Frequency of application will depend on your dog’s activity level and terrain you guys are trekking through. In snow and icy conditions, 2-3 applications per week should suffice but always watch for signs that your dog might be uncomfortable on the walk and make sure snowballs and debris haven’t accumulated in between their pads.. If they keep picking up their paws and act like they don’t want to go anymore, if they slow down, or if they keep sitting or laying down they might be trying to tell you that their feet are bothering them and they need your help. The wax should eliminate the snow accumulation factor but always check periodically especially if you’re out and about for extended periods of time. If you walk in areas where there might be salt or any chemicals designed to melt ice, be sure to at least rinse your dogs paws once home to prevent any possible irritation and to keep your pup from ingesting any of it should they lick their feet.

Dogs’ paws are pretty tough but they aren’t immune to the damaging and potentially dangerous aspects of snow and harsh terrain such as frostbite and cuts so taking proper precautions to keep your buddy safe and pain free should be your priority.

There are several advantages to using a protective wax product.

  • ease of application

  • thin, breathable barrier that still allows your dog to fully feel the ground

  • safe and non-toxic

  • protects agains cold and hot surfaces

  • moisturizes their paw pads

If using a product like Musher’s Secret is new to your pup, give it a try with a walk around the block before you go heading for the backcountry.


There’s a lot to be discussed about boots. The right fit, when to wear them, when not to wear them, how long to keep them on, etc.


Some dogs simply won't tolerate wearing boots and others take a bit of coercing to get used to them. Each dog will have their own opinion and it’s up to us as pet parents to know when boots are necessary and when they’re not.

Proper fit is extremely important because you don’t want them to restrict blood flow or be uncomfortably tight and of course you don’t want them to fall off either. Ruff Wear has a pretty decent fit guide for their boots and boot liners. Their Polar Trex Booties are designed to protect our pup’s pads from the wet, cold, and harsh characteristics of snowy adventures but they’re not the only dog boot option out there.

There are several dog boot companies to choose from so you might find a different brand that works better for your doggo’s taste in footwear and terrain. The most important things to consider for winter dog boots regardless of brand are:

  • Fit (snug but not too tight)

  • Waterproof

  • Breathable

  • Warm

  • Traction

  • Protection

Our dog’s feet are highly vascularized which means they’ve got plenty of blood supply to those toes. This is why a cut on the pad or cutting a nail too short can bleed quite a bit. But, that blood flow also provides warmth to their paws. Severe cold exposure however, can really compromise their ability to maintain that warmth not only in their feet but their entire body.

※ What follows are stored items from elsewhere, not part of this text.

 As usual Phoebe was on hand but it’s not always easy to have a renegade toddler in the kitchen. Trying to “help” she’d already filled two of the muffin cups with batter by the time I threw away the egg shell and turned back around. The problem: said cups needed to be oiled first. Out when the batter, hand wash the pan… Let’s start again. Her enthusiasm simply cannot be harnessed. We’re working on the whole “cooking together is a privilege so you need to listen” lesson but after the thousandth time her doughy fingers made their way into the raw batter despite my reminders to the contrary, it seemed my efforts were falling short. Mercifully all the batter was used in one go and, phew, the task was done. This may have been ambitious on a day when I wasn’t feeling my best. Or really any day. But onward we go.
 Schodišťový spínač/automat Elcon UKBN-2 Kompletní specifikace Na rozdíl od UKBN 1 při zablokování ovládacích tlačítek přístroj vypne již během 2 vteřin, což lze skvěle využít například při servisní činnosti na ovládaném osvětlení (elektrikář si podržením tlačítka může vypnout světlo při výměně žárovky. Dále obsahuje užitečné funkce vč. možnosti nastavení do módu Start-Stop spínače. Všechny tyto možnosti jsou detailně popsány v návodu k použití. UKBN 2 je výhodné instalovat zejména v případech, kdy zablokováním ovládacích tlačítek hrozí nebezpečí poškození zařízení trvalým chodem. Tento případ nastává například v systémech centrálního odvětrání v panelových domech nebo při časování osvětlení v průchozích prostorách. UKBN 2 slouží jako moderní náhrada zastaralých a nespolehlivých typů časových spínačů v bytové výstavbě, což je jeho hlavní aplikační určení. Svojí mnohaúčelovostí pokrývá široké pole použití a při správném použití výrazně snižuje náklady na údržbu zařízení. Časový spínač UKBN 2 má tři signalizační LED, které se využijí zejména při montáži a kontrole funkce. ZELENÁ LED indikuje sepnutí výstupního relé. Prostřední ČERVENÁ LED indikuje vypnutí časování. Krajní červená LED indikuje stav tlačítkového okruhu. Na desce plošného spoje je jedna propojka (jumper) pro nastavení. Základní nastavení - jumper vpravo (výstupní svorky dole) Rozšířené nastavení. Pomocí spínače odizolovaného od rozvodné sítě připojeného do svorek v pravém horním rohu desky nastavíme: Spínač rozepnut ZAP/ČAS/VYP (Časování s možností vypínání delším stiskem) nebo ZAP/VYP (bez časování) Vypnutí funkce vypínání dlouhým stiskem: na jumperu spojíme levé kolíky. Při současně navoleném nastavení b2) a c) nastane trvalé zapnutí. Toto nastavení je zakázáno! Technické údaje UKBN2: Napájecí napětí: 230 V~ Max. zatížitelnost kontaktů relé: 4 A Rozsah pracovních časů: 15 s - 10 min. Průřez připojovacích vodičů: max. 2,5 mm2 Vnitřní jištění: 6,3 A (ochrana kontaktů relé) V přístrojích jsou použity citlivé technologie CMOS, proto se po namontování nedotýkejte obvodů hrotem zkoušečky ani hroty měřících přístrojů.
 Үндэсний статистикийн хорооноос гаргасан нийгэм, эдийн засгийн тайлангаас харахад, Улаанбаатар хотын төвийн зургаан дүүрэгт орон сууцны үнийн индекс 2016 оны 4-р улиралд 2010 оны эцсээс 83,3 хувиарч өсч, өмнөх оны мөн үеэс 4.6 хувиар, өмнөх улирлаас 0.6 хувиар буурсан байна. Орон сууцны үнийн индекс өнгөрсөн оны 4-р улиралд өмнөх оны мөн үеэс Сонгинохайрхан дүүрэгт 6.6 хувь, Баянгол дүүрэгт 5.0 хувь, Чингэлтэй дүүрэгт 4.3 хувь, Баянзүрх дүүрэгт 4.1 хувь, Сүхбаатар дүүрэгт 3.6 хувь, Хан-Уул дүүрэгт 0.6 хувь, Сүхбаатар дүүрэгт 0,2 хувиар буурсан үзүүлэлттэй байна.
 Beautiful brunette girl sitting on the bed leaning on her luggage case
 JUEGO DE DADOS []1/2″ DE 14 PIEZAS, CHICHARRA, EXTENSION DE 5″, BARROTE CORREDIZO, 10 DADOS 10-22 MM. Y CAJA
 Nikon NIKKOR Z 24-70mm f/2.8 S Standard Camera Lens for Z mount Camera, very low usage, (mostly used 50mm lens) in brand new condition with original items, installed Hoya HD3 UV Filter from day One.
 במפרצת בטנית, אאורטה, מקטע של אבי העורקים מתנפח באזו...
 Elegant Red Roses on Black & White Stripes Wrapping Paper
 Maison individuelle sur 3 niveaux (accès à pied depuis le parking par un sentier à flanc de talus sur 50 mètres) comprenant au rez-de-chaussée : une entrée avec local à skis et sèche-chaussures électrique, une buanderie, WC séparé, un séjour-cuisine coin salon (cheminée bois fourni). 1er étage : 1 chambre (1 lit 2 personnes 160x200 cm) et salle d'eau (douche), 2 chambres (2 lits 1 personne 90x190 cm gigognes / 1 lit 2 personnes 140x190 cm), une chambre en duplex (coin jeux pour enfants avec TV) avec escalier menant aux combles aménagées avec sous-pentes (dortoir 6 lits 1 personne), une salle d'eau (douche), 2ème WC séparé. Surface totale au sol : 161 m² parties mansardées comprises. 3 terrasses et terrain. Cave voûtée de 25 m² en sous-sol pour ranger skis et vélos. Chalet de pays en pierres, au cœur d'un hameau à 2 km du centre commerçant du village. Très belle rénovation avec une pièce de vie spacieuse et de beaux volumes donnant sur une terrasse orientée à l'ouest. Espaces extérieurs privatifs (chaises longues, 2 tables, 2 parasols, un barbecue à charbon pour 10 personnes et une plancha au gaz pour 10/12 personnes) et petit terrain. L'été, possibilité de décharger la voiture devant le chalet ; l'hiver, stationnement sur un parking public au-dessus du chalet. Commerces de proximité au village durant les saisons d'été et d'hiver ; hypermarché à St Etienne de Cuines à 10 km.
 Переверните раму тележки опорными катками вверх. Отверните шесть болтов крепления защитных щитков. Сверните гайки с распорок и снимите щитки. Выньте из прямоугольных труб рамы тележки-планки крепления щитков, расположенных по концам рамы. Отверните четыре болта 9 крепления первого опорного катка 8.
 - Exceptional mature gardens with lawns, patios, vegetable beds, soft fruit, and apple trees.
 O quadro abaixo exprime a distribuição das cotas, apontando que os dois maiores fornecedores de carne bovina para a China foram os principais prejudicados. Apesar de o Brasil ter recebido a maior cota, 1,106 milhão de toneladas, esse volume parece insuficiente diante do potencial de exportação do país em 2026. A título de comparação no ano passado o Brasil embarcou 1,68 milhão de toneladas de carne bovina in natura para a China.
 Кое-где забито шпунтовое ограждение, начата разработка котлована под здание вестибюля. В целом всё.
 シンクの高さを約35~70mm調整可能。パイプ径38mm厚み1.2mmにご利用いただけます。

If your dog suffers from diabetes or a heart condition, they’re even more susceptible to frostbite and hypothermia.

Obviously some breeds are a bit more adept at tackling trails and ski runs than others but even the toughest of the bunch, like avalanche search and rescue dogs and the Iditarod dogs, wear boots when necessary.

Our dogs aren’t immune to cold weather injuries. Frostbite or cracked and painful paws is a real danger and precaution and prevention are key to making sure our furry adventure buddies stay safe and happy on the trails with us or even in our urban environments where things like salt and ice-melt are used to manage our sidewalks and streets. Somethings as simple as trimming the hair in between their pads, using something like Musher’s Secret, and dog boots can make all the difference for an epic adventure this winter with your pup.

You keep them safe. They’ll keep you wild.